Towards Domain Generalization for Multi-view 3D Object Detection in Bird-Eye-View
This addresses domain shift issues in camera-only 3D object detection for autonomous driving, offering a novel approach to improve robustness across different datasets, though it is incremental as it builds on existing MV3D-Det methods.
The paper tackles the problem of domain generalization for multi-view 3D object detection in Bird-Eye-View, where performance degrades when input images differ from training domains, and proposes DG-BEV to decouple depth estimation and use adversarial training, achieving reduced performance drop on unseen domains without harming source domain accuracy as shown in experiments on Waymo, nuScenes, and Lyft datasets.
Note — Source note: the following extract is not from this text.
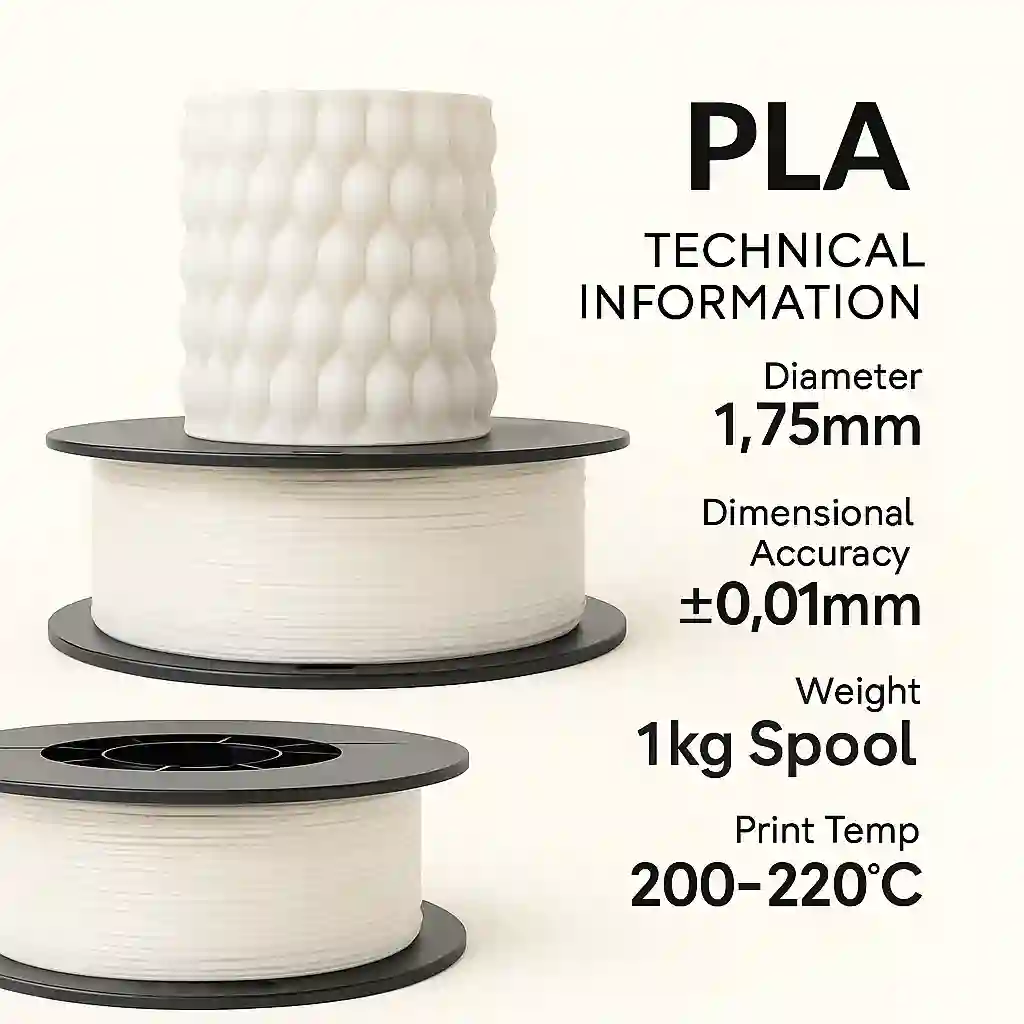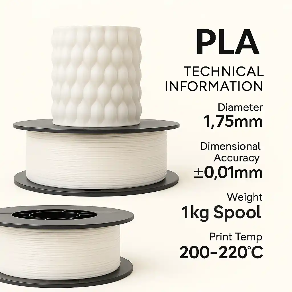 NOT : ÜRÜNLER 10 ADET OLARAK SATILMAKTADIR Baskı Kolaylığı PLA+, PLA'nın geliştirilmiş bir versiyonudur. Yüksek mukavemet ve tokluğa sahiptir. Kırılması kolay değildir. Düşük büzülme özelliğine sahiptir. Deformasyon ve çatlama yok, yüksek baskı hassasiyeti mevcuttur. Bitkisel kaynaklardan elde edilen nişasta hammaddeleri ile üretilmiştir, iç mekan baskıları için idealdir.
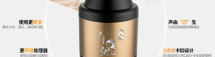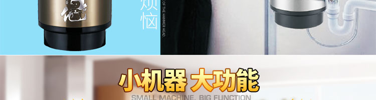 ACLQ56-廚房垃圾處理器,該機器是靠內部結構、零件組合達到處理垃圾的效果,通過碾、壓、擠、磨等系統(tǒng)的處理,在十幾秒內安全將食物垃圾處理成小于3毫米的顆粒,隨著水流排入下水道,使用十分安全。

Multi-view 3D object detection (MV3D-Det) in Bird-Eye-View (BEV) has drawn extensive attention due to its low cost and high efficiency. Although new algorithms for camera-only 3D object detection have been continuously proposed, most of them may risk drastic performance degradation when the domain of input images differs from that of training. In this paper, we first analyze the causes of the domain gap for the MV3D-Det task. Based on the covariate shift assumption, we find that the gap mainly attributes to the feature distribution of BEV, which is determined by the quality of both depth estimation and 2D image's feature representation. To acquire a robust depth prediction, we propose to decouple the depth estimation from the intrinsic parameters of the camera (i.e. the focal length) through converting the prediction of metric depth to that of scale-invariant depth and perform dynamic perspective augmentation to increase the diversity of the extrinsic parameters (i.e. the camera poses) by utilizing homography. Moreover, we modify the focal length values to create multiple pseudo-domains and construct an adversarial training loss to encourage the feature representation to be more domain-agnostic. Without bells and whistles, our approach, namely DG-BEV, successfully alleviates the performance drop on the unseen target domain without impairing the accuracy of the source domain. Extensive experiments on various public datasets, including Waymo, nuScenes, and Lyft, demonstrate the generalization and effectiveness of our approach. To the best of our knowledge, this is the first systematic study to explore a domain generalization method for MV3D-Det.